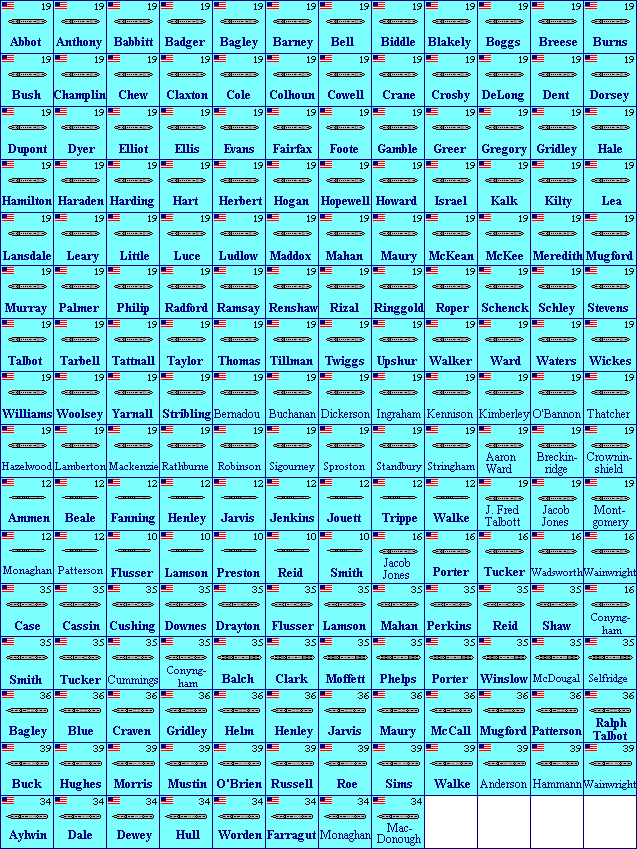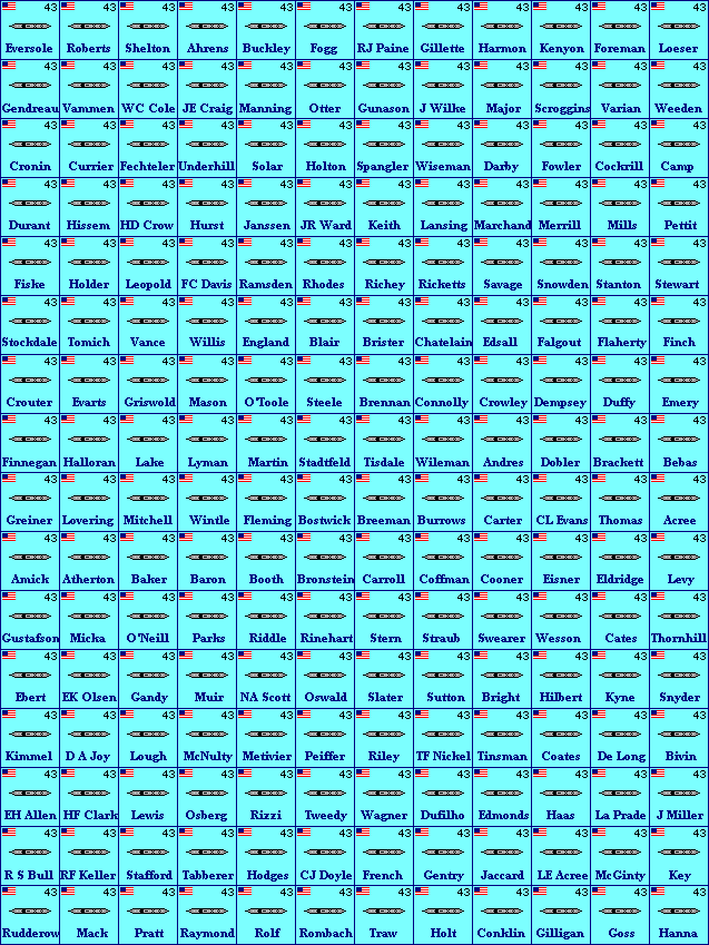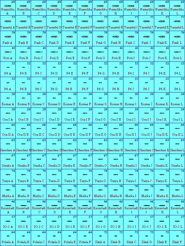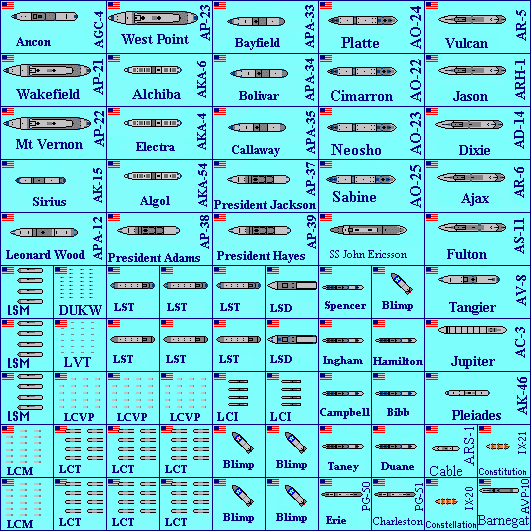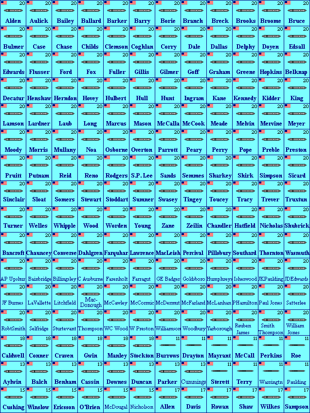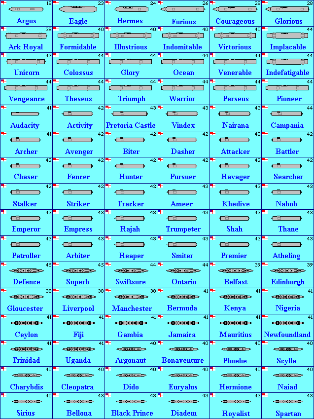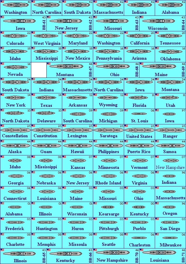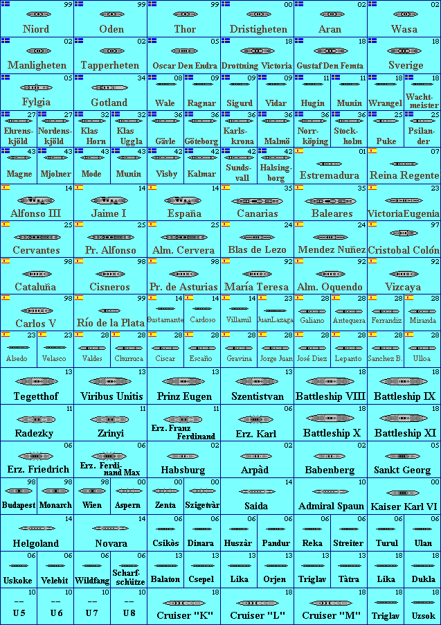 They're all to the same scale (roughly 1:9600, or 1 pixel = 8 feet). All ships are drawn as originally built. I used Conway's as my source for ship dimensions and completion dates, and Jane's for overhead views. Counters have a 2-digit year in the upper right corner, which is the year the first ship in that class became available. Some ships appear more than once, like ships that began life as one type but were converted to something else, or ships that were owned by more than one nation. If you dream of large naval battles, you probably already have a set of game rules in mind. But if you want a very simple set of rules that were written to take advantage of all these counters, my main games page has a game called EasyShip that might be what you're looking for. If at least two people request a particular navy or ship class, I'll try to add them. If you'd like to be notified when I put new ships on the site, e-mail me and ask to be added to my "All the Ships" mailing list. I'm indebted to Bob Smart, who is providing many pages of ships on his own initiative, and has improved on my own work in several areas. I'll happily cooperate with anyone else who wants to contribute to this project. 7554 ships in this project so far (not counting airplanes and airships) | ||
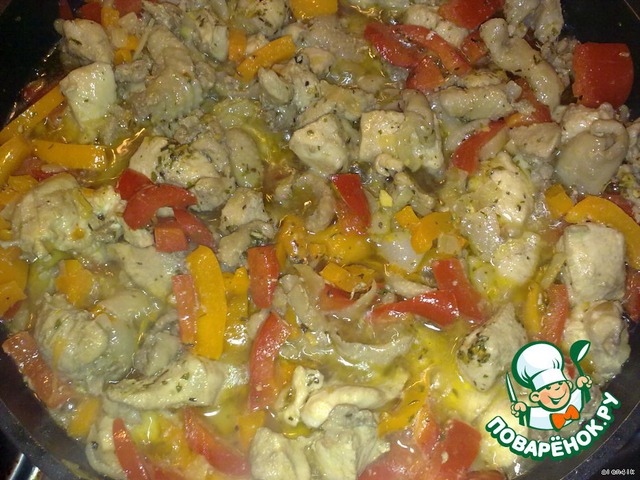 Добавить нарезанный кусочками сладкий перчик и чеснок. Перемешать и жарить 2 минуты
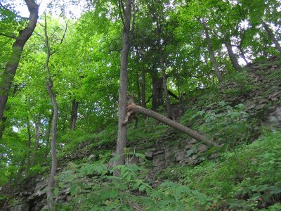 ![]() At this level we are at the same height or higher than the tops of trees below this part of the escarpment. Peeking through we can see the pond that the stream we're approaching feeds. The trail is relatively easy so far, with rock and tree branches aplenty. Only a few places of dicey footing. |
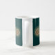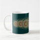 Caneca de café decorada com o design do "crescimento". O design é cercado com um fundo azul esverdeado e aparado com uma beira verde escuro.
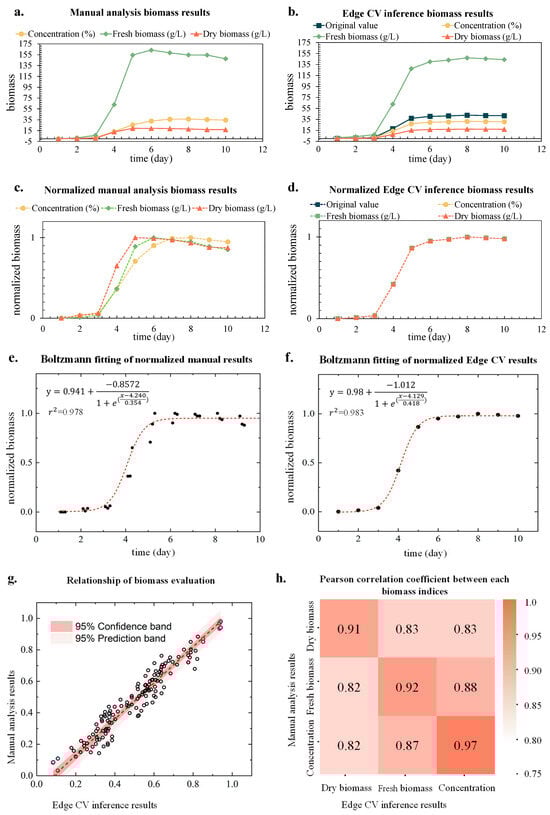 From Figure 10a,b, it is evident that all biomass indices, including concentration, fresh biomass, and dry biomass, are close in both values and growth trends. Additionally, the one-factor analysis of variance F value decreased from 0.39, 0.58, and 4.75 to 0.10, 0.12, and 0.09, respectively, after applying linear correction coefficients. Since the results of different biomass indices, such as concentration, fresh biomass, and dry biomass, were varied in y-value, normalization was conducted to scale these values between 0 and 1. The normalized results are presented in Figure 10c,d, from which we can see that these biomass results are in the same trend and their values are similar. Thus, in Figure 10d, it is shown that the values of the biomass indices—dry biomass, fresh biomass, and concentration—obtained through Edge CV inference are closely overlapped. This outcome aligns with expectations, as Edge CV results exhibit strong consistency between the three biomass indices. Therefore, Boltzmann fitting was conducted to analyze these trends; as presented in Figure 10e,f, the growth curves of biomass abide by the Boltzmann function with r2 of 0.978 and 0.983, respectively. Furthermore, Figure 10g,h show the correlations between Edge CV inference and manual measuring observed, with an r2 of 0.963 and RMSE 0.027 for normalized biomass indices. Meanwhile, the Pearson correlation coefficient analysis of the two sets of curves yields a value of 0.91–0.97, indicating a strong correlation and consistent change trend between different biomass indices from both manual analysis and Edge CV inference results, confirming their consistency.

..........

Could you write out the records again exactly, without any of their pictures?

### RESPONSE FOR THIS EXERCISE
 They're all to the same scale (roughly 1:9600, or 1 pixel = 8 feet). All ships are drawn as originally built. I used Conway's as my source for ship dimensions and completion dates, and Jane's for overhead views. Counters have a 2-digit year in the upper right corner, which is the year the first ship in that class became available. Some ships appear more than once, like ships that began life as one type but were converted to something else, or ships that were owned by more than one nation. If you dream of large naval battles, you probably already have a set of game rules in mind. But if you want a very simple set of rules that were written to take advantage of all these counters, my main games page has a game called EasyShip that might be what you're looking for. If at least two people request a particular navy or ship class, I'll try to add them. If you'd like to be notified when I put new ships on the site, e-mail me and ask to be added to my "All the Ships" mailing list. I'm indebted to Bob Smart, who is providing many pages of ships on his own initiative, and has improved on my own work in several areas. I'll happily cooperate with anyone else who wants to contribute to this project. 7554 ships in this project so far (not counting airplanes and airships) | ||
 Добавить нарезанный кусочками сладкий перчик и чеснок. Перемешать и жарить 2 минуты
 ![]() At this level we are at the same height or higher than the tops of trees below this part of the escarpment. Peeking through we can see the pond that the stream we're approaching feeds. The trail is relatively easy so far, with rock and tree branches aplenty. Only a few places of dicey footing. |
 Caneca de café decorada com o design do "crescimento". O design é cercado com um fundo azul esverdeado e aparado com uma beira verde escuro.
 From Figure 10a,b, it is evident that all biomass indices, including concentration, fresh biomass, and dry biomass, are close in both values and growth trends. Additionally, the one-factor analysis of variance F value decreased from 0.39, 0.58, and 4.75 to 0.10, 0.12, and 0.09, respectively, after applying linear correction coefficients. Since the results of different biomass indices, such as concentration, fresh biomass, and dry biomass, were varied in y-value, normalization was conducted to scale these values between 0 and 1. The normalized results are presented in Figure 10c,d, from which we can see that these biomass results are in the same trend and their values are similar. Thus, in Figure 10d, it is shown that the values of the biomass indices—dry biomass, fresh biomass, and concentration—obtained through Edge CV inference are closely overlapped. This outcome aligns with expectations, as Edge CV results exhibit strong consistency between the three biomass indices. Therefore, Boltzmann fitting was conducted to analyze these trends; as presented in Figure 10e,f, the growth curves of biomass abide by the Boltzmann function with r2 of 0.978 and 0.983, respectively. Furthermore, Figure 10g,h show the correlations between Edge CV inference and manual measuring observed, with an r2 of 0.963 and RMSE 0.027 for normalized biomass indices. Meanwhile, the Pearson correlation coefficient analysis of the two sets of curves yields a value of 0.91–0.97, indicating a strong correlation and consistent change trend between different biomass indices from both manual analysis and Edge CV inference results, confirming their consistency.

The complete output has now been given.